道理她都明白。可名声这东西,哪里是一朝一夕能挣来的?
夏昭垚像是看穿她的心思,忽然话锋一转:“这些日子你先住我铺子里。”
“铺子?”
“对。住我这儿离何家太近,容易暴露,而且铺子里头人多,又都是女的,便是被发现了他们也奈何不了你什么。”夏昭垚说着站起身,去厨房给她倒了碗温水,“而且我正好有事想请你帮忙。”
薛默双手捧着碗,指尖还在微微发抖。
“我新做了一道橙子奶绿,想请人写些诗词,做成竹签子随茶附赠。”夏昭垚坐回来,语气轻松,像在聊一桩寻常买卖,“你写十首,我按一首三百文的价给你,十首一共三贯。”
薛默眨了眨眼。
三贯。
这个数字让她有一瞬间的恍惚。她替何文郎写了多少年诗?一文钱没见着,换来的只有拳头。
如今有人告诉她,你的诗值钱。
一首三百文。
薛默的鼻子又酸了,可她使劲忍住,只是点头。
“好。”
嗓子还是哑的,但这个“好”字比方才的任何一句话都稳当。
夏昭垚笑了一下:“那今晚先歇着,你慢慢写不着急。”
薛默却已经坐不住了。
“有纸笔吗?我现在就想写。”
夏昭垚一怔,随即乐了:“有有有,我给你找。”
这一夜,薛默点着一盏油灯,伏在夏昭垚家矮桌上写了大半宿。
她写字的时候整个人像变了一个模样,肿着的眼睛不再闪躲,执笔的手稳得出奇,落笔如风行水上,干净利落。

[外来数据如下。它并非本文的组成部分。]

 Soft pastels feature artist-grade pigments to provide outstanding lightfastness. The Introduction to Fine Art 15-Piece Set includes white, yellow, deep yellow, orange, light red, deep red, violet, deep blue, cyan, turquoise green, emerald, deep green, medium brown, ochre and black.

嘴角破了的口子因为反复抿嘴斟酌字句而又裂开,渗出一点血珠。她浑然不觉。
天边刚泛起鱼肚白,薛默搁下笔。
十张笺纸摊开在桌面上,墨迹新鲜,尚带湿气。
夏昭垚刚起身就看见了这一幕,薛默趴在桌沿睡着了,手边整整齐齐码着写好的诗稿。
她轻手轻脚走过去,拿起最上面一张。
“露剥金橙碎玉浆,春茶浮乳透瓷香。宋街闲坐风檐下,一盏清甘消昼长。”
夏昭垚看得眼睛发亮。
再翻下一首。
“晚街灯火烘茶肆,橙韵悠悠。碧乳柔柔,一盏新香解客愁,醉了闲游。风满层楼,胜却江南万斛酬。”
好家伙。
她一首一首看下去,越看越惊。
这些诗词清丽婉转、余韵悠长,既有闲适雅趣又不故作高深,寥寥数笔就把一杯奶茶写活了,也没有那种文人惯有的酸腐气,读来口齿生香,恰到好处。
夏昭垚小心翼翼把诗稿收好,心里已经开始盘算。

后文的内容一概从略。